Indian politician (born 1975)

Damacharla Janardhana Rao (born 20 January 1975) is an Indian Politician and Member of Legislative Assembly, Ongole from Telugu Desam Party, Andhra Pradesh.

==Early life==
He is the grandson of the former Minister, Damacharla Anjaneyulu. He did his schooling and Intermediate in Vignan College at Vadlamudi. He did his BTech in P.E.S from Institute of Technology (PES University) at Bangalore in 1998.

==Political career==

He started his political career in TDP and has elected as Prakasam district TDP Party President in 2010 and from then until present date he is carrying the Party in the District. He expected Kondepi Constituency MLA ticket from TDP in 2009 which was vacant due to death of his grandfather, but the seat was reserved to SC in de limitation therefore he did not contest in 2009 election.
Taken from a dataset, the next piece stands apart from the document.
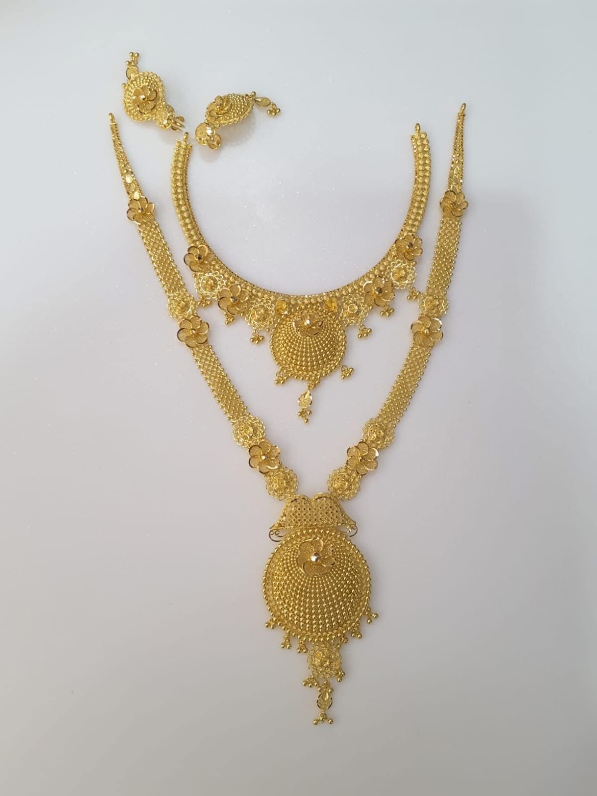 This luxurious gold jewelry set includes a choker-style necklace, a longer necklace, and matching earrings, each crafted with elaborate floral motifs and textured detailing. The choker features a semi-circular pendant that sits gracefully on the neckline, while the longer necklace showcases a grand ornate centerpiece with layered designs. The earrings complement both necklaces, making the set versatile for different occasions. The craftsmanship highlights traditional artistry, blending geometric and floral elements into a cohesive design. Perfect for bridal wear, cultural ceremonies, or festive celebrations, this set is a symbol of opulence and heritage.
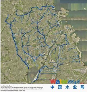 哥本哈根的水系圖,大部分水系最終都匯入港口或直接匯入大海。

He contested from Ongole By election in 2012 and lost against Balineni Srinivasa Reddy later in 2014 Andhra Pradesh Legislative Assembly election he won from the same Ongole Assembly Constituency against Balineni Srinivasa Reddy with a good majority of 12,428 votes. After that in the 2019 he was defeated by his arch-rival Balineni Srinivasa Reddy. In the 2024 Andhra Pradesh Legislative Assembly elections, Damacharla Janardhana Rao again won as MLA, Ongole against Balineni Srinivasa Reddy with a majority of 34026 votes.